_Required work:_
Only the lines below between the ones containing "买啥都中 【男肖男肖男肖】开:虎04准 |" and "Il repellente solare", inclusive, are to be reproduced, each exactly as it stands.

_Material for this task:_

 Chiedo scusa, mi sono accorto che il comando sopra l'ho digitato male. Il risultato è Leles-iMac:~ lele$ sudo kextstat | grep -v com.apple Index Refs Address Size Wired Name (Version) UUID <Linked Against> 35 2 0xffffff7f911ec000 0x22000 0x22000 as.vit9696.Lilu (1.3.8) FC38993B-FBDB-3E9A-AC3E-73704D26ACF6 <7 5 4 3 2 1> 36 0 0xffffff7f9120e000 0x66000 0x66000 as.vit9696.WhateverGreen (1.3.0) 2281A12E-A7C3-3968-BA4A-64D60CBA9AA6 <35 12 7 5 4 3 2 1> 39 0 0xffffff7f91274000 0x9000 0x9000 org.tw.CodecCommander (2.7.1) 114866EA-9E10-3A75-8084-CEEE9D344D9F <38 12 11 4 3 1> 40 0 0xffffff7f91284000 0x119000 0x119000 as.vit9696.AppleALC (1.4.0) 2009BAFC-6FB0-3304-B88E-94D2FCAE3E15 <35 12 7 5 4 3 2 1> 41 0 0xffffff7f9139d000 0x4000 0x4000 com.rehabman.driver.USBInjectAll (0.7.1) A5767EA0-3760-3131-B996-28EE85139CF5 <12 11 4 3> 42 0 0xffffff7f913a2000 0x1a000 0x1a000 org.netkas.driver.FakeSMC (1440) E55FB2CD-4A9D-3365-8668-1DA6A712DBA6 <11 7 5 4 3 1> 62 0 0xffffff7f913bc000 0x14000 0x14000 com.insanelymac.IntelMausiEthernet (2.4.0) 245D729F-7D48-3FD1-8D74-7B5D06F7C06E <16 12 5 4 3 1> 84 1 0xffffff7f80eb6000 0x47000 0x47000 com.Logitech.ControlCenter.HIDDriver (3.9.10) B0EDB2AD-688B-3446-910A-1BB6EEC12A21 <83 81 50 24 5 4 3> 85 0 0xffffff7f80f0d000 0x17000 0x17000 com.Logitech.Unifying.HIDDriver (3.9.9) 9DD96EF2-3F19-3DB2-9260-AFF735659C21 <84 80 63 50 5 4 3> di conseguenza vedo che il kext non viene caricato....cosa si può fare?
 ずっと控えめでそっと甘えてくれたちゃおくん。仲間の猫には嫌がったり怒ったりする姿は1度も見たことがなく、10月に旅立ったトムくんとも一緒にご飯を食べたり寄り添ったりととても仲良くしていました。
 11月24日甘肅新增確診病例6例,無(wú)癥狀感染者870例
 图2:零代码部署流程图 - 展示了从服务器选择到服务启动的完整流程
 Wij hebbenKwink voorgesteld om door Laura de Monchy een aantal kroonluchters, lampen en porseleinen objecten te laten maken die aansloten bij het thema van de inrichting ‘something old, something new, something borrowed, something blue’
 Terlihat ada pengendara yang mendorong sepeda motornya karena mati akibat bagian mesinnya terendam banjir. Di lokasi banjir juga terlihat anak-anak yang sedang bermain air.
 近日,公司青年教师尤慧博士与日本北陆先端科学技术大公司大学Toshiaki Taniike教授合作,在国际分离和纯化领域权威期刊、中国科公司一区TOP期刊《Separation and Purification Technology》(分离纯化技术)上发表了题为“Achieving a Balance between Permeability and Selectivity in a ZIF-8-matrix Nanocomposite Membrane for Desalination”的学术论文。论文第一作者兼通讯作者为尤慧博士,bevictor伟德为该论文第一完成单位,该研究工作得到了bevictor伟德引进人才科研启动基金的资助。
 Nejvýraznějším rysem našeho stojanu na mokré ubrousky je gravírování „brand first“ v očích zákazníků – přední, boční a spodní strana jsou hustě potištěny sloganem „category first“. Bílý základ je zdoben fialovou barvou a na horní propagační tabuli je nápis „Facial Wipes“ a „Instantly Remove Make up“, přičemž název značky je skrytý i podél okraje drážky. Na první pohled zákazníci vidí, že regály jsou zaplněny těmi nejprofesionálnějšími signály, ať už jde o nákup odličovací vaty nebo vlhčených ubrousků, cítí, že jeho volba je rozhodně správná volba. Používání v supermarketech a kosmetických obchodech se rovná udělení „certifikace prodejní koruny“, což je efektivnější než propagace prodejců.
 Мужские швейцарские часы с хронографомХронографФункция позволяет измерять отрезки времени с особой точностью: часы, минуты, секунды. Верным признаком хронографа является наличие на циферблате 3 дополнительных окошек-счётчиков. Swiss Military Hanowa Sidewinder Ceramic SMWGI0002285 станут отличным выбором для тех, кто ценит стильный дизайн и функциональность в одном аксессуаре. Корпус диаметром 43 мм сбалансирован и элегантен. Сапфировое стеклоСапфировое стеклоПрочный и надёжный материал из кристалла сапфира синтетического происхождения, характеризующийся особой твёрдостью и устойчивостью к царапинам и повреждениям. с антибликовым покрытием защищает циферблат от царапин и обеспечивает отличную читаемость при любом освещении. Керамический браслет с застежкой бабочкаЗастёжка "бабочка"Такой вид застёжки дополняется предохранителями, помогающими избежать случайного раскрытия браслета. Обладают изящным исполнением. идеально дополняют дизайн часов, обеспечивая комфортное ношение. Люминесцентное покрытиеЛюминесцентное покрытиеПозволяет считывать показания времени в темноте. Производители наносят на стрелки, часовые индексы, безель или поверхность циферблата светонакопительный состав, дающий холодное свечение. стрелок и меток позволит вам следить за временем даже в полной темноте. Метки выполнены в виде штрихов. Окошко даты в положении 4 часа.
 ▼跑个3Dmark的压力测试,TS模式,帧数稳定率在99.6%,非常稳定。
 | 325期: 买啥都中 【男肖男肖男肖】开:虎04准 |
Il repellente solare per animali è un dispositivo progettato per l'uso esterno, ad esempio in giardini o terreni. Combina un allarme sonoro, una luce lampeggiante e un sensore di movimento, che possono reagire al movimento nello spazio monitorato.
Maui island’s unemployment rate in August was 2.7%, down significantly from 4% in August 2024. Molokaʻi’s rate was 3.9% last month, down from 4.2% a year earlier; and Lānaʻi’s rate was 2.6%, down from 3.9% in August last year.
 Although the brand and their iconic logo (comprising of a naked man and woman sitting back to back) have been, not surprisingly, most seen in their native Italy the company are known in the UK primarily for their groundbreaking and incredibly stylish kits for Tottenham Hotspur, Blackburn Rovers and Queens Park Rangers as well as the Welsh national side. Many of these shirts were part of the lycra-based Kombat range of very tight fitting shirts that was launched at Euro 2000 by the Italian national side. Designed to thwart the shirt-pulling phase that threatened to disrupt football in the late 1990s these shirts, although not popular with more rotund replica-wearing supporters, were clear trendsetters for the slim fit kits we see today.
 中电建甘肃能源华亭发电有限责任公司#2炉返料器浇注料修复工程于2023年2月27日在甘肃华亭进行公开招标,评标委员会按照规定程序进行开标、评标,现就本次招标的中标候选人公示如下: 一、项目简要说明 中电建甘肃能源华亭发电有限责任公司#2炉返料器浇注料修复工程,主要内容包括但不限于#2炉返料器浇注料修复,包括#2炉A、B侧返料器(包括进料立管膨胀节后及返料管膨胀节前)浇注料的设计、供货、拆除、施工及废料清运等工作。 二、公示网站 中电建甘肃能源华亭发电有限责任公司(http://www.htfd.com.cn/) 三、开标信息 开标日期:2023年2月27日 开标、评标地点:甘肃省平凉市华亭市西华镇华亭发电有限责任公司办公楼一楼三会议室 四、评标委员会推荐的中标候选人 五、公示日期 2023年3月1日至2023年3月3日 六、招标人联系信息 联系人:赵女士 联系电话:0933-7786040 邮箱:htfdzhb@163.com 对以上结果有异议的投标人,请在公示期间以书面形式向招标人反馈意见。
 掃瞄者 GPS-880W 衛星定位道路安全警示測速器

_Written answer:_
 | 325期: 买啥都中 【男肖男肖男肖】开:虎04准 |
Il repellente solare per animali è un dispositivo progettato per l'uso esterno, ad esempio in giardini o terreni. Combina un allarme sonoro, una luce lampeggiante e un sensore di movimento, che possono reagire al movimento nello spazio monitorato.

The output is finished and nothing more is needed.